● Problem to solve
Please take the lines from the one holding "That background! Love" through the one holding "The thrilling Apple" in the data below and copy them exactly.

● Data for this exercise
•••••
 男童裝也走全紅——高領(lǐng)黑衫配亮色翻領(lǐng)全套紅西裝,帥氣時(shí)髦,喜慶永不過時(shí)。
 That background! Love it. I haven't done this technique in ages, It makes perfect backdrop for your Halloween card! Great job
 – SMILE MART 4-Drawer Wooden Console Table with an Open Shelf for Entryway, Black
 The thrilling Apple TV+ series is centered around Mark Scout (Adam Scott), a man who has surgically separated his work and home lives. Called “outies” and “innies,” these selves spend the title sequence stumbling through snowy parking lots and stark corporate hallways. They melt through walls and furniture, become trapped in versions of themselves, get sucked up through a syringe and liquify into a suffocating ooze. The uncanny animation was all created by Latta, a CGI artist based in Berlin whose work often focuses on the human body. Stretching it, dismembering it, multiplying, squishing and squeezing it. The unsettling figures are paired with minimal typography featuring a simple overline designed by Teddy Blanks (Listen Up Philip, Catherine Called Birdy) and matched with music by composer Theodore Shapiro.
•••••
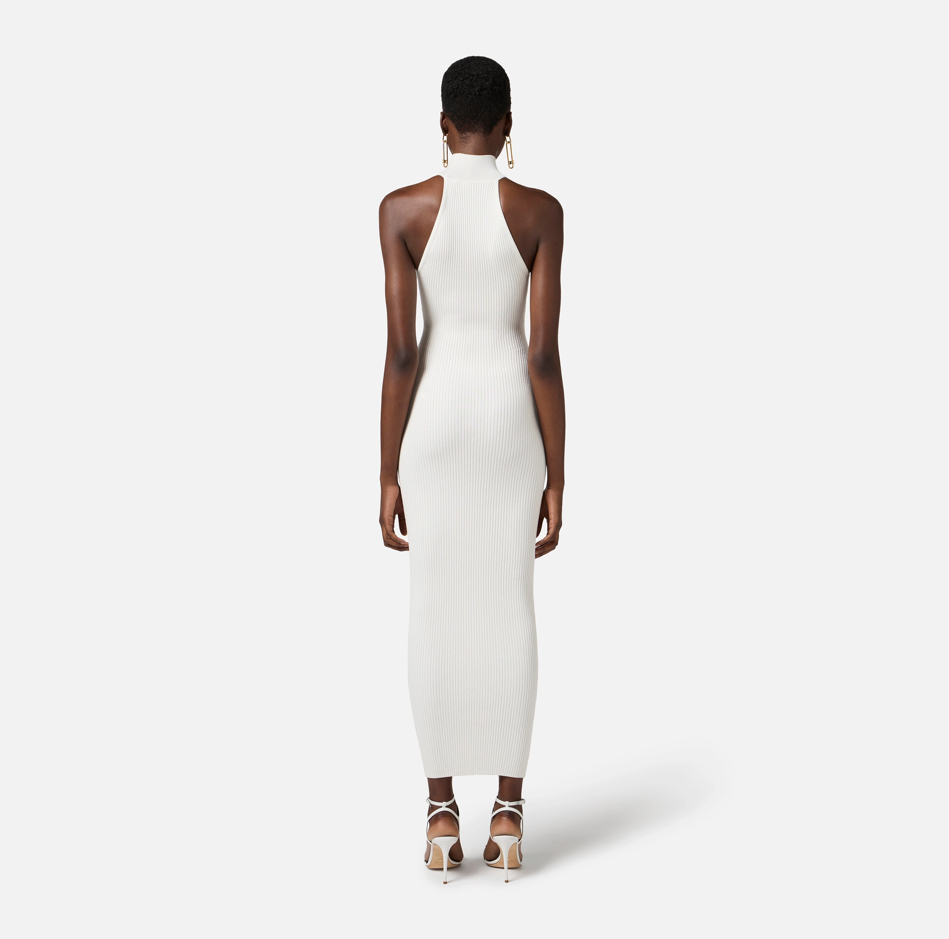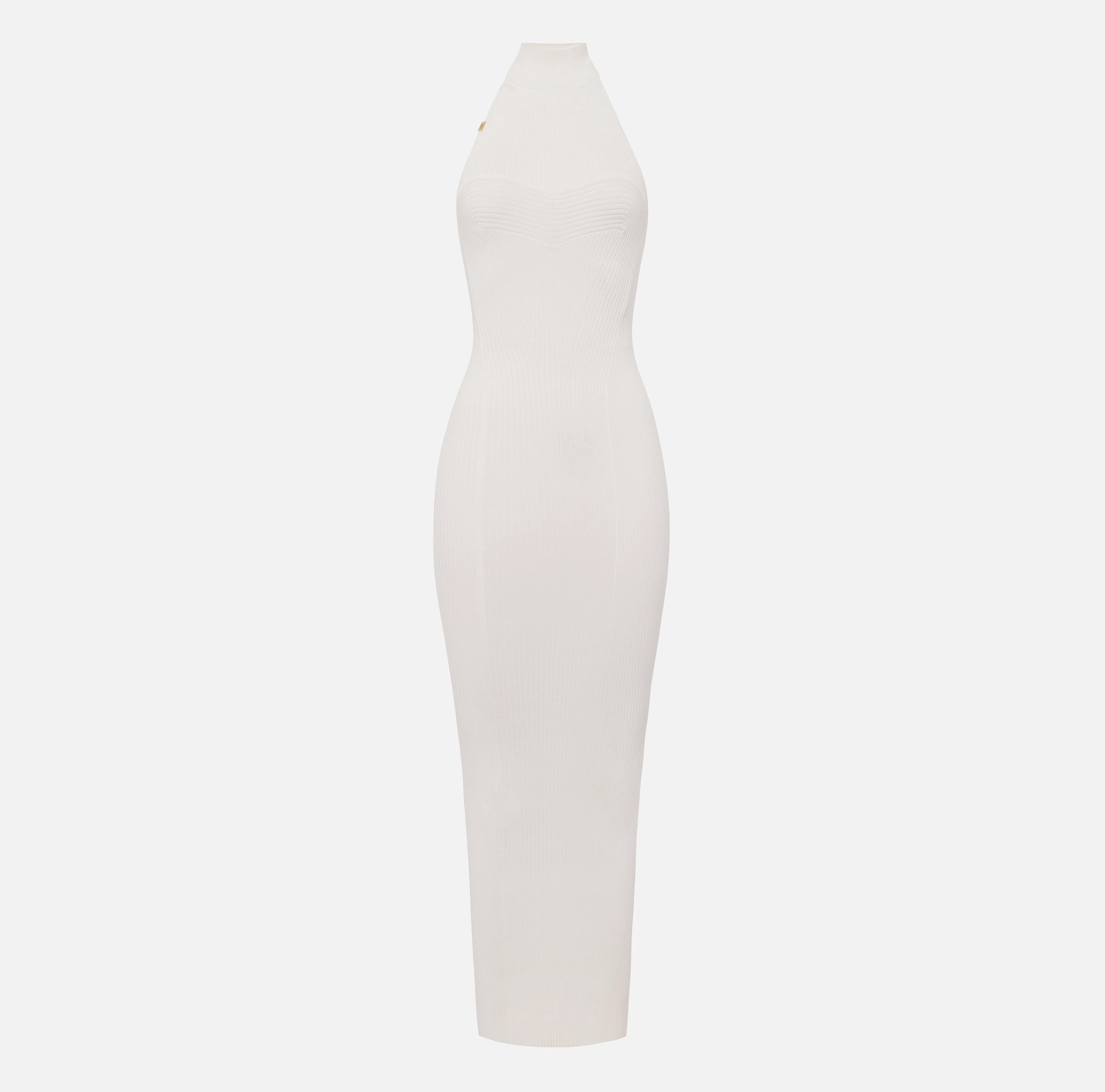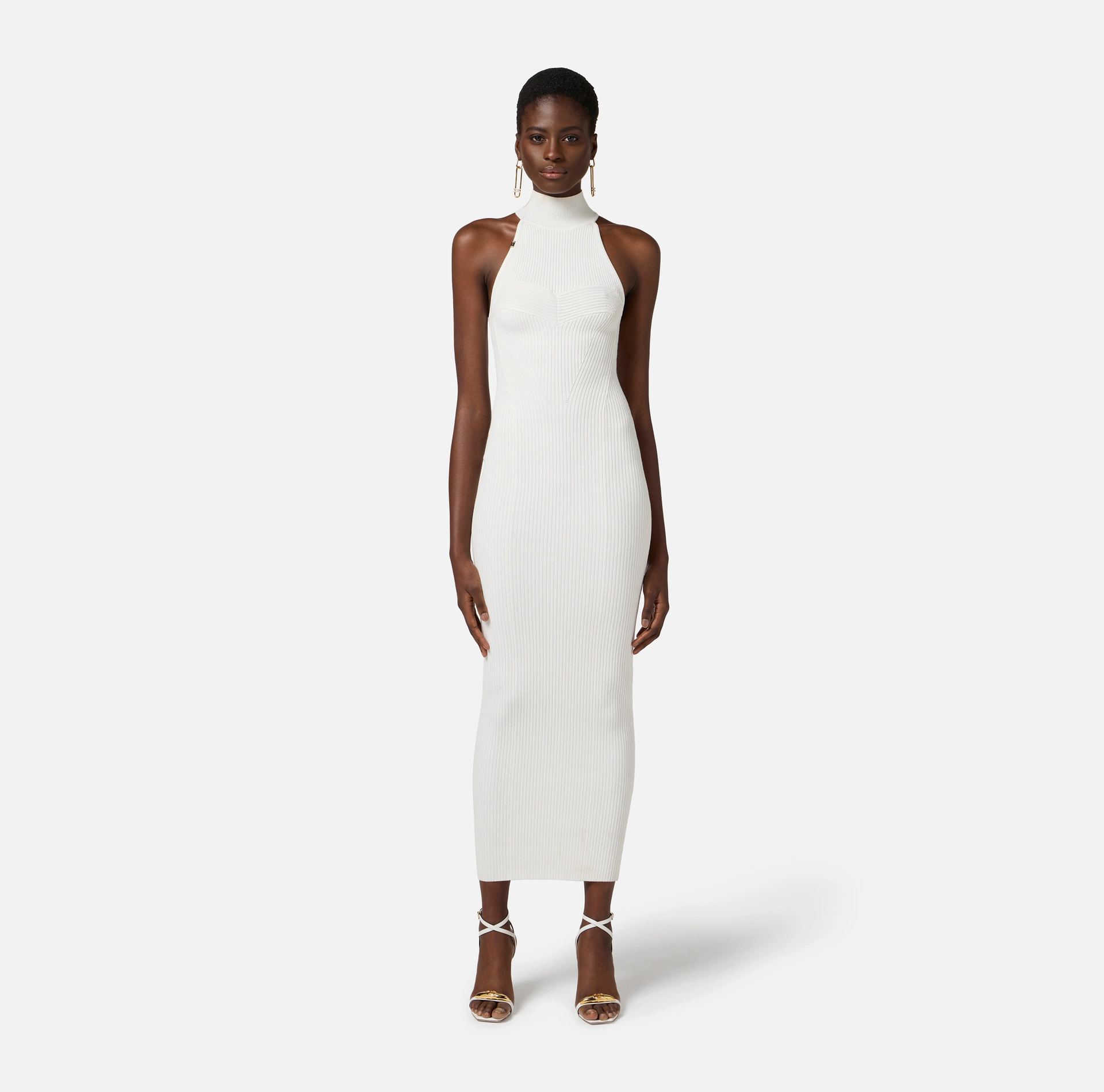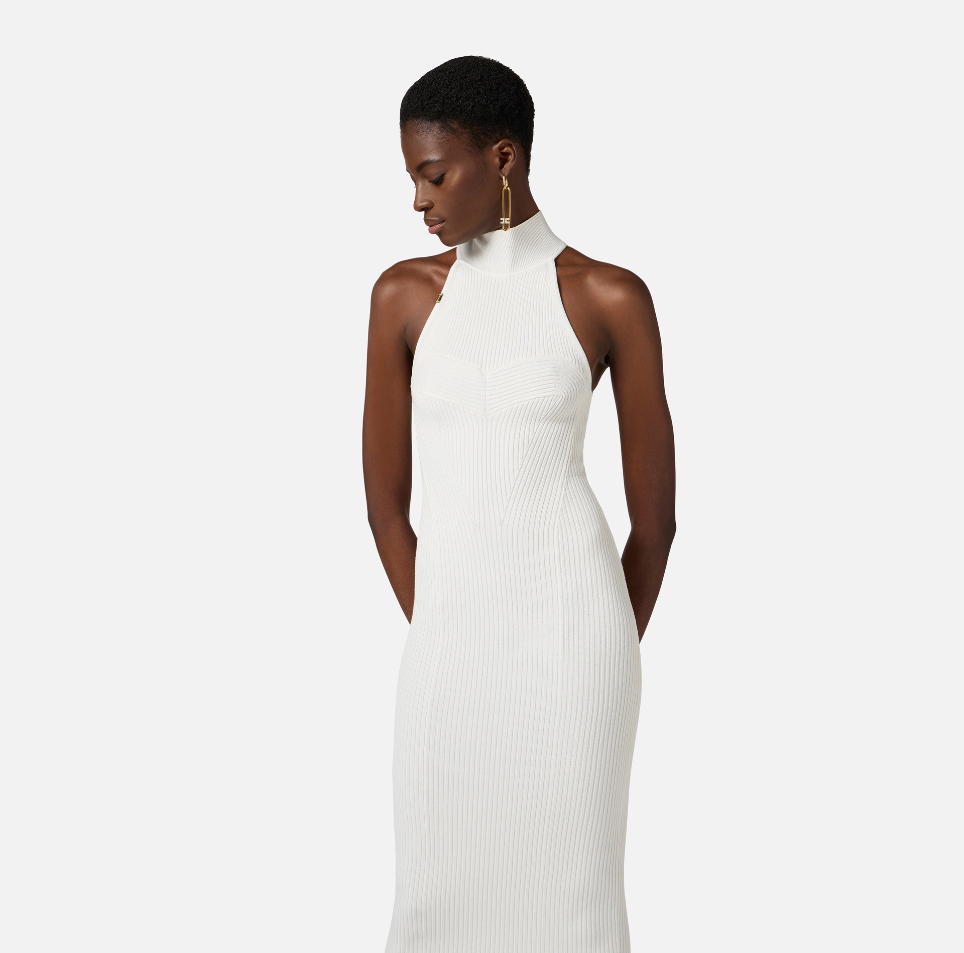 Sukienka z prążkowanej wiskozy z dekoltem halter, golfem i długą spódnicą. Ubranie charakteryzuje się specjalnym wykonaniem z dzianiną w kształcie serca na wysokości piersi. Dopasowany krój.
•••••
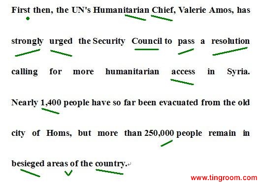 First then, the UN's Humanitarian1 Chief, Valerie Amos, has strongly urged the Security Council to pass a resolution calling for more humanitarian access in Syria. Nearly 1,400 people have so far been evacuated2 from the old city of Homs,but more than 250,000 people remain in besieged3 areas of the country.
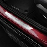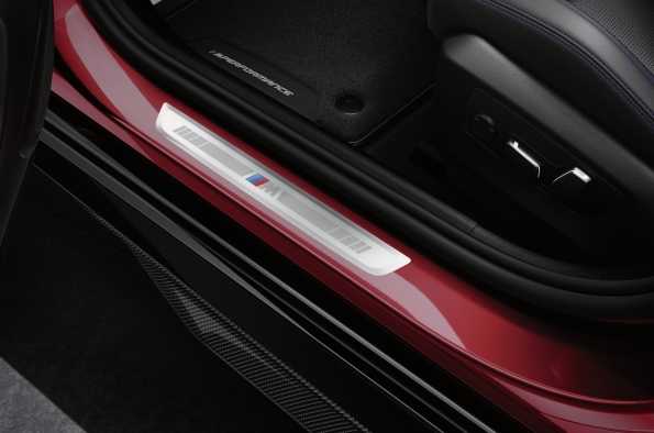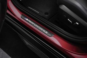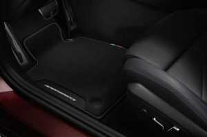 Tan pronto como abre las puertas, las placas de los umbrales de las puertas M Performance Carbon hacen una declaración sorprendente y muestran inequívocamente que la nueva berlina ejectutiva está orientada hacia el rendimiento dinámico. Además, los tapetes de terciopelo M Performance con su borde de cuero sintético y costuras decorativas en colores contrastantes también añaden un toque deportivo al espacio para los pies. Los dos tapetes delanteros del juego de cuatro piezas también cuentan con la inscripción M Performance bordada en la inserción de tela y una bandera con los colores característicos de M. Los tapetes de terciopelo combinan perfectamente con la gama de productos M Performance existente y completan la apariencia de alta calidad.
•••••
● Task response
 That background! Love it. I haven't done this technique in ages, It makes perfect backdrop for your Halloween card! Great job
 – SMILE MART 4-Drawer Wooden Console Table with an Open Shelf for Entryway, Black
 The thrilling Apple TV+ series is centered around Mark Scout (Adam Scott), a man who has surgically separated his work and home lives. Called “outies” and “innies,” these selves spend the title sequence stumbling through snowy parking lots and stark corporate hallways. They melt through walls and furniture, become trapped in versions of themselves, get sucked up through a syringe and liquify into a suffocating ooze. The uncanny animation was all created by Latta, a CGI artist based in Berlin whose work often focuses on the human body. Stretching it, dismembering it, multiplying, squishing and squeezing it. The unsettling figures are paired with minimal typography featuring a simple overline designed by Teddy Blanks (Listen Up Philip, Catherine Called Birdy) and matched with music by composer Theodore Shapiro.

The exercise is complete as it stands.